Dear Pressured Peer,

First, let’s say what is happening more simply so you can sit with it: you’re being sexually harassed and bullied by your gay friend.

What should you do about it? What you would do if anybody was breaching your personal space and dismissing your requests for them to stop. Would you tell them off publicly the next time it happens? Or do something physical, like issuing a warning shove? Maybe you would simply remove yourself from all potential proximity to this person? No hangouts, no being at the same parties, take away his access to you. I don’t know what you as a person would do about it, but you know what you would do to stop being harmed once and for all.

So I suppose the real question is, why haven’t you done it yet? Your previous attempts to address the situation tell me that you have a healthy sense of self-knowledge and preservation. Is it just the gay thing? Because your friend wielding his identity in bad faith seems to be working; he’s got you spooked. But considering you’re “definitely not” homophobic, do you actually have anything to fear? These, by the way, are all rhetorical questions.

I think we both know that implicit in your loud-and-proud friend’s accusation of homophobia is a threat—that he will think it and naturally therefore everyone will know it. Your other straight male friends have already indicated they won’t be offering strength in numbers (have you thought about getting new friends?). As a living breathing citizen of the Perception Economy, where nobody has the attention span for nuance and everyone is jonesing for a hit of Someone Fucking Up so we can misplace all our frustrations with them, taking decisive action could bode very badly for you.

Gossip is gaseous and who knows which way the wind blows it—into the ears and nostrils of which potential employer, Insta crush, or social group you wish for membership to. Add to the misery, you’re a Straight Male—apex group on the sexual-identity pyramid and always using it to make things hard for everyone lower down; the nervously woke will not be inclined to see (or be seen to see) your side; the proudly patriarchal will see your side, and shame you for your weakness. Those left on the fence will just want to avoid the mess. Everywhere you look, the potential for humiliation.

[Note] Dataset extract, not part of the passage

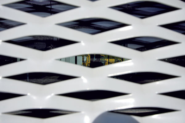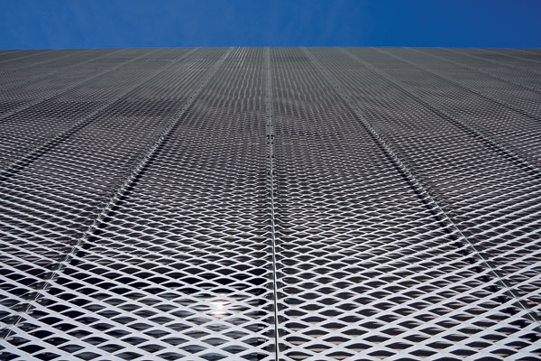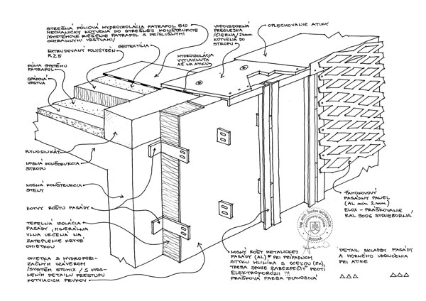 o fasádeAutori projektu majú radi jednoduché, čisté, skulpturálne stvárnené formy. Pri takomto zložitom objekte, v ktorom je umiestnených množstvo rôznych technologických zariadení, otvorov, nasávaní a výduchov, bol potrebný silný nástroj, ktorý by pomohol zjednotiť povrchy a umožnil relatívne slobodné formovanie hmôt. Pre Zeppelin sa preto jeho autori rozhodli navrhnúť ťahokovovú hliníkovú predsadenú fasádu. Keďže sa im nepodarilo nájsť nič typové, navrhli vlastné riešenie fasády. Ide o individuálne atypické riešenie z hliníkového plechu s hrúbkou 2 mm, ktorý sa po konečnom sformovaní povrchu upravil práškovou farbou. Fasáda je zároveň aj súčasťou tienenia budovy. Tienenie predstavuje prostriedok na zabezpečenie kvalitnej vnútornej pohody budov, dobrého pracovného, prípadne obytného prostredia, ochranu proti neprimeranej insolácii a tepelným ziskom v lete. Návrh je ukážkou koordinácie požiadaviek tepelnej techniky, stavebnej fyziky a, samozrejme, celkového architektonického konceptu. V prípade budovy spoločnosti Phoenix Zeppelin ide o kombináciu fixného ťahokovového plášťa, ktorý okrem iných funkcií plní aj funkciu primárneho tienenia a interiérových sťahovacích roliet, ktoré bránia v prípade potreby odleskom na pracoviskách. Súčasťou systému bol aj starostlivý výber parametrov zasklenia obvodového plášťa (najmä faktor g). Realizoval sa stavebnofyzikálny výpočet vnútornej klímy. Sklo odráža 70 % IR-zložky slnečného žiarenia, súčiniteľ prechodu tepla zasklených častí fasády U = 1,1 (W/(m2 . K)).  |

Too much? I guess it is. But I find articulating our worst fears tends to rob them of their seriousness and severity. Pressured Peer, you’re going to be just fine. You’re not a celebrity, and even they don’t hold anyone’s attention anymore.

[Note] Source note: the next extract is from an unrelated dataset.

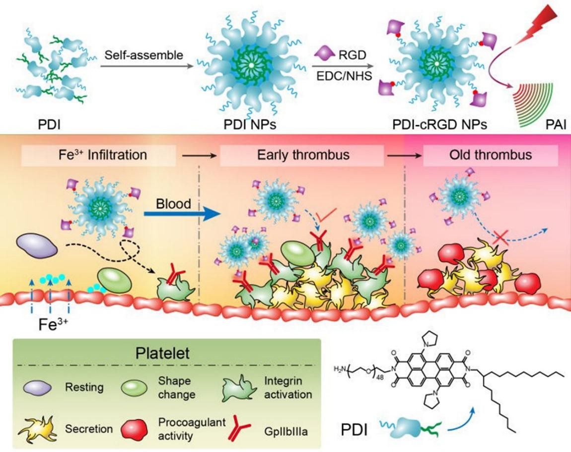 近日,麻豆视频 范曲立教授课题组和武汉大学中南医院喻爱喜教授课题组合作,报道了一种基于近红外苝酰亚胺衍生物的纯有机半导体光声纳米探针,并首次实现了其在早期静脉血栓形成的精准诊断与监测治疗。

Instead, look at it this way: your rather-rare instinct as a straight man to reject the stereotype and categorically register your discomfort, and therefore your vulnerability, is an important one. A tiny but hardy little axe in the battle against bullies like your friend cynically wielding our fear of being shamed against us. To build further resistance, you must next teach yourself to become okay with being misunderstood. Trust in the right folks’ ability to prod the situation, their knowledge of who you are, and their will to stick their neck out for what is true. The ones who won’t? Well, no amount of betraying yourself will change that.

And when your friend inevitably goes on to be very successful—I predict future global spokesperson for gay rights—lean into your real friend circle, some of whom will have made themselves known through this experience. Exchange knowing texts, unleash your resentments, bask in the warm glow of their empathy and earnest offers to expose him. Standing up for yourself isn’t all horrible.